Sulfur‐Embedded Pure Green Multiple Resonance TADF Emitters: Optimizing Photophysical and Electroluminescent Properties

Two pure green multiple resonance thermally activated delayed fluorescence (MR-TADF) emitters are reported here by utilizing benzothienocarbazole groups with sulfur atoms connecting with the 3-position carbon atoms of carbazole units, which are named Th-Cz-BN3 and Th-Cz-BN6. Although their molecular structures are similar, significant differences in energy splitting and spin-orbit coupling between the singlet and triplet excited states are exhibited, resulting from the differences in steric configurations and consequent electronic structures.
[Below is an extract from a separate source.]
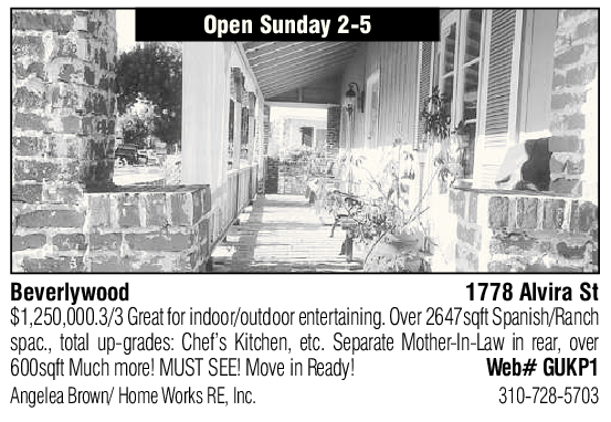 Open Sunday 2-5 Beverlywood 1778 Alvira St $1,250,000.3/3 Great for indoor/outdoor entertaining. Over 2647sqft Spanish/Ranch spac., total up-grades: Chef’s Kitchen, etc. Separate Mother-In-Law in rear, over 600sqft Much more! MUST SEE! Move in Ready! Web# GUKP1 Angelea Brown/ Home Works RE, Inc. 310-728-5703

The Th-Cz-BN3 and Th-Cz-BN6-based devices display pure green emission with Commission Internationale de L'Eclairage (CIE) y values exceeding 0.7 and maximum external quantum efficiencies of over 34.0%. Moreover, the Th-Cz-BN3-based non-sensitized device exhibits remarkable efficiency roll-offs of 0.3 and 16.8% at 100 and 1000 cd m^-2, respectively, which can be ascribed to the rapid rates of radiative transition and reverse intersystem crossing processes. The results not only achieve sulfur-embedded pure green MR-TADF emitters but also pave the way for designing highly efficient MR-TADF emitters with suppressed efficiency roll-offs.